Royal Naval Reserve Act 1902
- Parliament of the United Kingdom
- Long title: An Act to amend section one of the Royal Naval Reserve (Volunteer) Act, 1896.
- Citation: 2 Edw. 7. c. 5
- Territorial extent: United Kingdom

Dates
- Royal assent: 22 July 1902
- Commencement: 22 July 1902
- Repealed: 20 April 1980

Other legislation
- Amends: Royal Naval Reserve (Volunteer) Act 1896
- Repealed by: Reserve Forces Act 1980

Status: Repealed

Text of statute as originally enacted

= Royal Naval Reserve Act 1902 =

Act of the Parliament of the United Kingdom

The Royal Naval Reserve Act 1902 (2 Edw. 7. c. 5) was an act of the Parliament of the United Kingdom, given royal assent on 22 July 1902 and formally repealed in 1980.

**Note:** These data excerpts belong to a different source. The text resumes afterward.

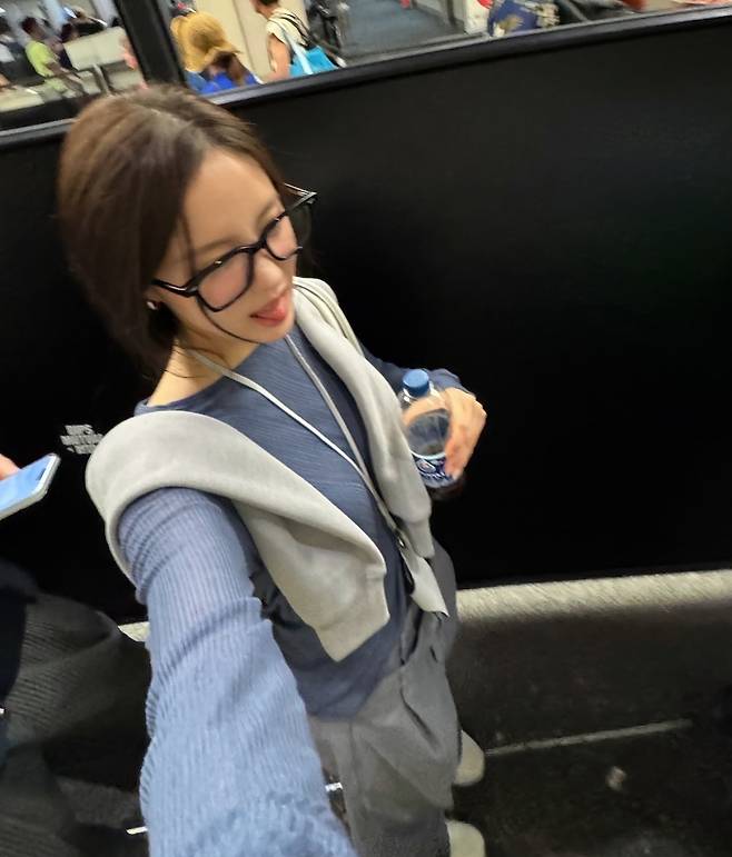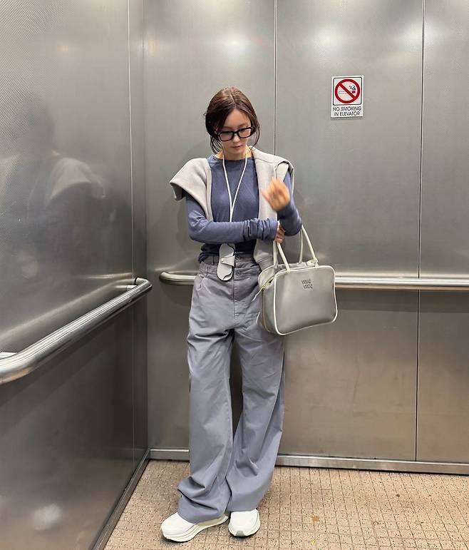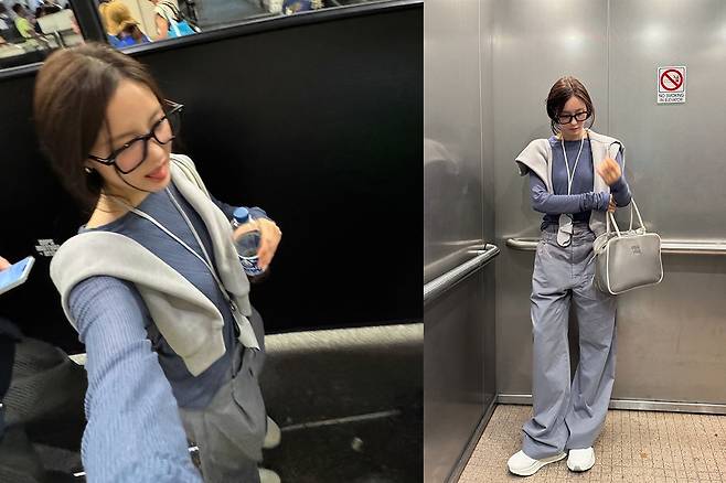 목에 건 안경집까지도 세련된 악세서리로 보일 정도라니, 활동적인 일상 속에서도 감각을 잃지 않는 모습이 매력적으로 느껴지네요.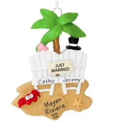 You can still feel the sand between your toes! Rekindle the excitement of your honeymoon or beach wedding each and every year with this delightful just married beach ornament! Measuring 4¾” tall and crafted of resin, our just married beach ornament comes ready to hang with a satin white ribbon. Newlyweds are sure to grow frond of this keepsake which features two beach chairs, a groom’s top hat, a bride’s pink bouquet, a patch of sandy beach beneath a colorful palm tree, a starfish and adorable red crab and a tiny sign which reads, Just Married. Allow one of our professional Bronner’s artists to add a personalized touch with a black paint pen at no additional charge. Relive the memories of sharing a tropical paradise for Christmases to come as you hang our unique keepsake on the tree!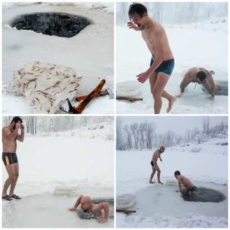Հայ մի խումբ կոփված երիտասարդներ ամանորյա տոներին անցկացրել են սառցաջրի մեջ լողալու «միջոցառում»՝ Ջրվեժի սառած լճակում սուզվելով իրենց կողմից բացված ջրահորի մեջ: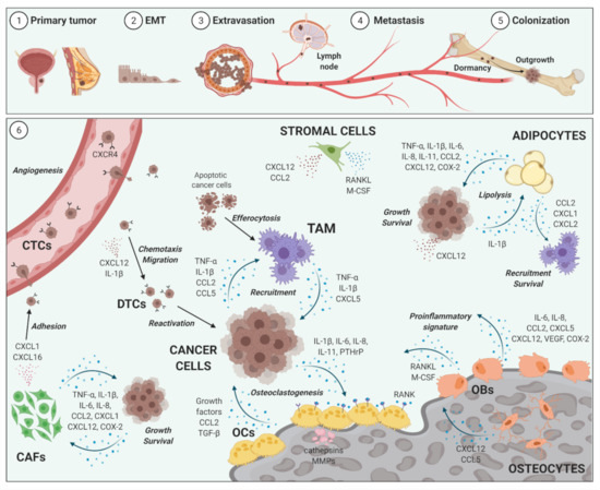 Breast cancer (BrCa); cancer-associated fibroblasts (CAFs); CC-chemokine ligand 2 (CCL2); CC-chemokine ligand 5 (CCL5); chemokine (C-X-C motif) ligand 8 (CXCL8); C-X-C motif chemokine 12 (CXCL12); C-X-C Motif Chemokine Receptor 4 (CXCR4); circulating tumor cells (CTCs); cyclooxygenase-2 (COX-2); danger-associated molecular pattern (DAMP); disseminated tumor cells (DTCs); epithelial-to-mesenchymal transition (EMT); extracellular matrix (ECM); hemopoietic stem cells (HSCs); interleukin-1β (IL-1β); interleukin-6 (IL-6); interleukin-8 (IL-8); interleukin-11 (IL-11); matrix metalloproteinase (MMP); mesenchymal stem cells (MSCs); monocyte chemoattractant protein-1 (MCP-1); multiple myeloma (MM); nuclear factor “kappa-light-chain-enhancer” of activated B-cells (NF-κB); osteoprotegerin (OPG); parathyroid hormone-related protein (PTHrP); pathogen-associated molecular pattern (PAMP); prostate cancer (PrCa); receptor activator of NF-κB ligand (RANKL); signal transducer and activator of transcription 3 (STAT3); skeletal-related event (SRE); stromal cell-derived factor 1 (SDF1); tumor-associated macrophages (TAM); transforming growth factor beta (TGF-β); tumor microenvironment (TME); tumor necrosis factor alpha (TNF-α); vascular endothelial growth factor (VEGF).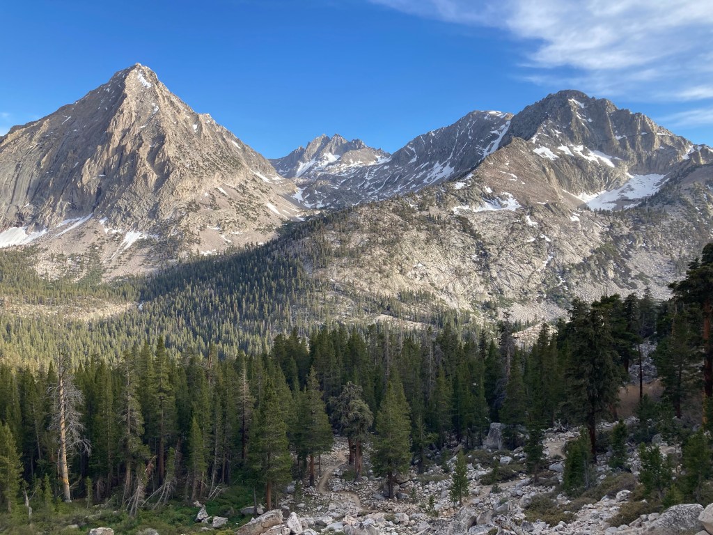 We start working on the hill that will take us to our campsite, switchbacking up the mountain. I remember this climb from the JMT because I couldn’t get over how perfectly shaped the mountain across the valley was. It’s just so mountain-y! We marvel more and more at the view as we make our way. It’s not a bad climb, but I’m pretty tired, and I kind of want to take in the last couple of miles of my birthday. I trudge slowly behind Jumbo and Catless.

It amended the Royal Naval Reserve (Volunteer) Act 1896 by omitting the words "serving on a vessel registered in the British Isles", and deeming these to have always been omitted. This amended section also applied to men raised under the provisions of the Naval Reserve Act 1900.

== Subsequent developments ==
The whole act was repealed by section 157(1)(b) of, and part II of schedule 10 to, the Reserve Forces Act 1980 (c. 9), which came into force on 20 April 1980.